2. The Six Levels at a Glance

LevelNameCore MeaningMove-On Rule
1ExposureYou understand what the idea isCan explain it in plain language
2Guided ExecutionYou can perform it slowly with referenceCan execute with notes, diagram, or prompt
3Slow RecallYou can retrieve it from memory at reduced tempoCan find and play/sing it after a short pause
4Musical UseYou can use it in an actual musical contextCan make it sound like music, not just an exercise
5Adaptive UseYou can choose whether and when to use it based on what the music needsCan state when it helps and when it would be too much
6IntegrationIt is automatic — available without deliberate effortCan use it with rhythm, harmony, melody, feel, or CAS

3. Level 1: Exposure

Description

Exposure is the first contact with a concept. The learner has heard it, read about it, seen an example, and can identify it when pointed out. They cannot yet produce it reliably without reference, and they may not yet be able to recognize it in a real recording without guidance.

Exposure is a legitimate level. It is not a failure state. Many concepts must live at Level 1 for weeks or months before the learner is ready to move them forward. The system protects against trying to rush past Exposure before the concept has been properly heard and understood.

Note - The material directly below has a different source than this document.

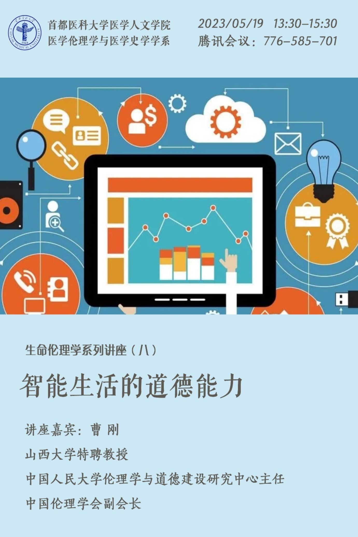 2023年5月19日下午1:30,久久小说 医学伦理学与医学史学学系邀请中国人民大学曹刚教授为师生们带来关于“智能生活的道德能力”的学术分享,此次分享由学系主任梁立智副教授主持,讲座以线上线下的方式同步进行。

What Being at This Level Looks Like

  • The learner can read back a definition of the concept in their own words.
  • The learner can recognize the concept when it is demonstrated for them.
  • The learner cannot reliably produce it from memory.
  • The learner may not be able to find it on the instrument without written reference.

Behavioral Indicators

  • "I know what this is when I see it explained."
  • Can explain the concept in plain English: "Minor-on-3 means putting a minor triad on the 3rd scale degree over the root."
  • Can identify which AMF system the concept belongs to.
  • Can hear a demonstration and confirm whether it matches their understanding.

Common Mistakes at Level 1

  • Treating exposure as completion: "I read the manual, so I know this."
  • Moving to Level 2 practice before the concept has been heard. Hearing comes before playing.
  • Skipping the body/voice step: the concept should be sung, clapped, or spoken before it is played.
  • Confusing familiarity with understanding: having seen the concept multiple times is not the same as being able to explain it clearly.

Definition of Done for Level 1

  • Can explain the concept in plain language without the manual.
  • Can identify which internal band member it belongs to.
  • Can describe at least one musical situation where it would be used.
  • Can hear a demonstration and confirm it matches the description.
  • Has sung, clapped, or vocalized some aspect of the concept.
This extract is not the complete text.